Z, an employee of A Ltd, suffered from stress, depression, low mood and schizophrenia. These conditions were mental impairments and classed as disabilities protected by the Equality Act 2010. Z did not disclose her conditions to A Ltd. On several occasions, including at the outset of her employment when she completed a form about her health, which specifically asked about mental impairments, and in relation to a period during which she was hospitalised for psychiatric care, she did not mention any mental health conditions, but referred to various physical ailments.

During her employment, Z had 85 days of unscheduled absence of which 52 were recorded as sick leave. A Ltd decided that Z could no longer be relied upon, given her absences and poor time keeping. She was dismissed and she claimed discrimination arising from disability.

The employment tribunal upheld Z’s claim. It found that A Ltd had constructive knowledge of Z’s disability because it had received GP certificates and a hospital certificate which evidenced a significant deterioration in her mental state. This, according to the tribunal, meant that there was a real question about her psychiatric health and A Ltd should have enquired into her mental wellbeing. Its failure to do so precluded A Ltd from denying that it ought to have known that Z was disabled. The tribunal held that Z’s dismissal was discrimination arising from a disability.

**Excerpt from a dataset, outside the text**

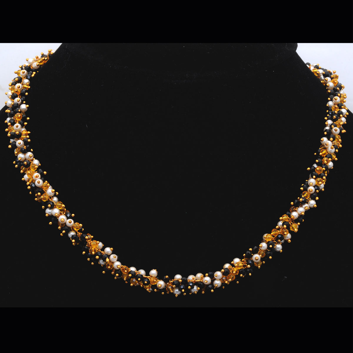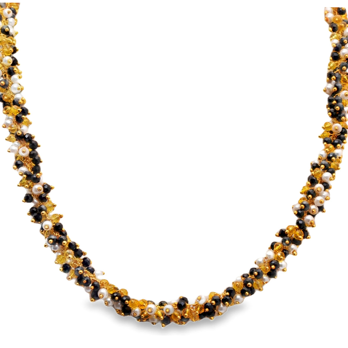 Gehna Jaipur Pearl & Multicolor Zirconia Color Zirconia Bead Necklace In Yellow Gold For Girls & Women CC-1157

It did not consider the dismissal to be objectively justified: the chief executive officer had decided on the spot to dismiss her. This was found to be intemperate and precipitative and anything but a proportionate thing to do. There had been no return to work meeting or enquiry into Z’s health or recent problems and no opportunity to consider a referral to OH or a medical expert.

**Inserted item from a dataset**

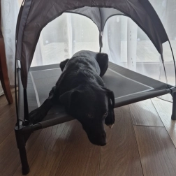Ez a termék *ideális nagytestű fajták* számára, mint a Border Collie, Beagle, vagy Golden Retriever. Emellett kedvencének biztonságérzetet nyújt a baldachin árnyékának köszönhetően, ami természetes menedékhez hasonló úvót nyújt.

A Ltd appealed to the EAT and the EAT upheld their appeal. The EAT considered that the tribunal had only asked itself what more A Ltd might reasonably have been expected to have done in terms of process. The tribunal should have also asked what A Ltd might then have reasonably been expected to know. The tribunal had made a finding of fact that Z would have continued to suppress information about her mental health problems, that she would have insisted that she was able to work normally, and she would not have agreed to an OH referral or medical examination that might have revealed her psychiatric history. Given this finding of fact, even if A Ltd could reasonably have been expected to do more to find out about Z’s health, it could not reasonably have been expected to know about her disability.

 

What does this mean for employers?

Workers may be reluctant to disclose information about mental health conditions due to concerns regarding stigma and prejudice they may face if they do so. Employers therefore have an obligation to proactively consider whether a worker has a disability, even where one has not been formally disclosed, particularly where there is a pattern of absence which suggests there could be an underlying health condition. Here the employee’s suppression of mental health issues and her insistence she was able to work normally meant the employer had done all it could and did not have constructive knowledge of the disability. This will always be fact specific.